*Input*:
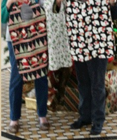
Thank you Colony Yarnsters!
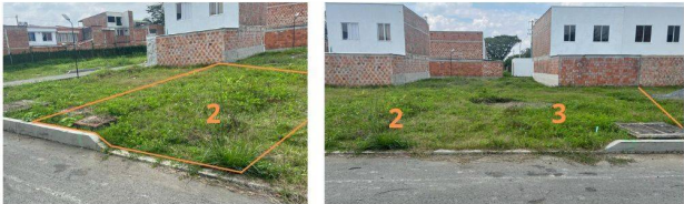
LOTES MANZANA 3
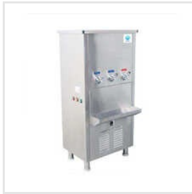
HCSA Hot Or Cold With RO Space Water Cooler
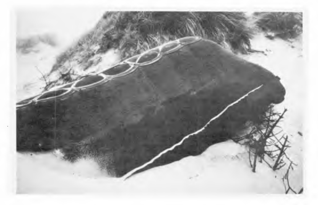
Fig. 3. Tubes wrapped into a filter sheet.

thus protected against sunlight, is still intact, covered with barnacles, cockles and other sea-life.
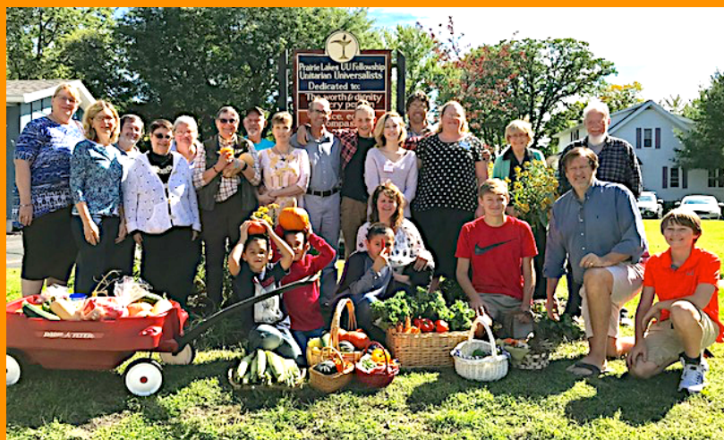
The annual water sharing ceremony combined with the Harvest Festival. See page 6 for a recap.
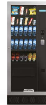
ARIA M 5 trays
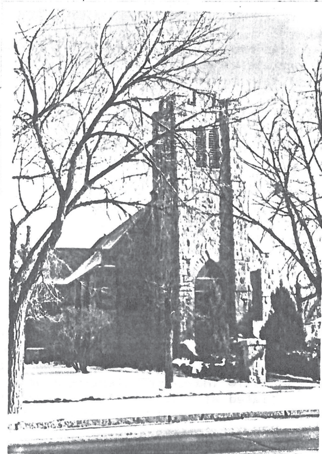
Roll# 38 Frame# 16

Legal Description: Decelles Third Addition, Block 3, lots 9 & 10 Address: 539 Third Avenue Ownership Name: St. Mark's Episcopal Church Address: 539 Third Avenue, Havre, MT. private: x public:
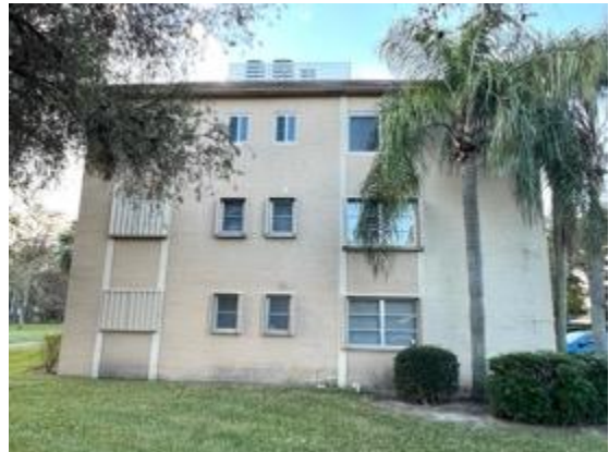
Building left side view.
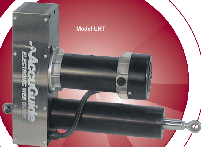
Part of the most advanced web guide system available today

The industry's most rugged and reliable, high-performance linear actuators
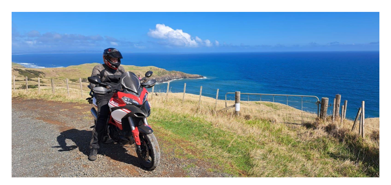
Big Clubroom news- We have a new Beer Fridge! . Plus a new bike to check out See you there this Thursday
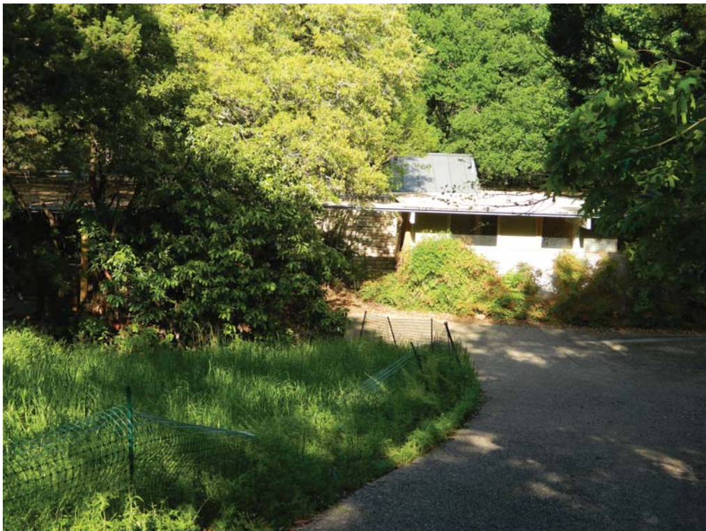
Kreisle House, 2509 Schulle Avenue (1954)
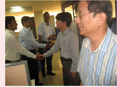
Board Members being greeted at Bhubaneswar Corporate office. CMD, POSCO-India looks on.
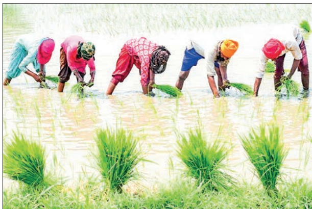
People plant rice saplings at a water-logged rice field on the outskirts of Amritsar, India, on 19 June 2023.

The move would "ensure adequate availability" and "allay the rise in prices in the domestic market", it said in a statement late Thursday. India accounts for more than 40 per cent of all global rice shipments, so the decision could "risk exacerbating food insecurity in countries highly dependent on rice imports", data analytics firm Gro Intelligence said in a note. Countries expected to be hit by the ban include African nations, Türkiye, Syria, and Pakistan — all of them already struggling with high food-price inflation — the firm added. Global demand saw Indian exports of non-basmati

*Assignment*: Output the data above exactly. Drop every picture.

*Result*:
Thank you Colony Yarnsters!
LOTES MANZANA 3
HCSA Hot Or Cold With RO Space Water Cooler
Fig. 3. Tubes wrapped into a filter sheet.

thus protected against sunlight, is still intact, covered with barnacles, cockles and other sea-life.
The annual water sharing ceremony combined with the Harvest Festival. See page 6 for a recap.
ARIA M 5 trays
Roll# 38 Frame# 16

Legal Description: Decelles Third Addition, Block 3, lots 9 & 10 Address: 539 Third Avenue Ownership Name: St. Mark's Episcopal Church Address: 539 Third Avenue, Havre, MT. private: x public:
Building left side view.
Part of the most advanced web guide system available today

The industry's most rugged and reliable, high-performance linear actuators
Big Clubroom news- We have a new Beer Fridge! . Plus a new bike to check out See you there this Thursday
Kreisle House, 2509 Schulle Avenue (1954)
Board Members being greeted at Bhubaneswar Corporate office. CMD, POSCO-India looks on.
People plant rice saplings at a water-logged rice field on the outskirts of Amritsar, India, on 19 June 2023.

The move would "ensure adequate availability" and "allay the rise in prices in the domestic market", it said in a statement late Thursday. India accounts for more than 40 per cent of all global rice shipments, so the decision could "risk exacerbating food insecurity in countries highly dependent on rice imports", data analytics firm Gro Intelligence said in a note. Countries expected to be hit by the ban include African nations, Türkiye, Syria, and Pakistan — all of them already struggling with high food-price inflation — the firm added. Global demand saw Indian exports of non-basmati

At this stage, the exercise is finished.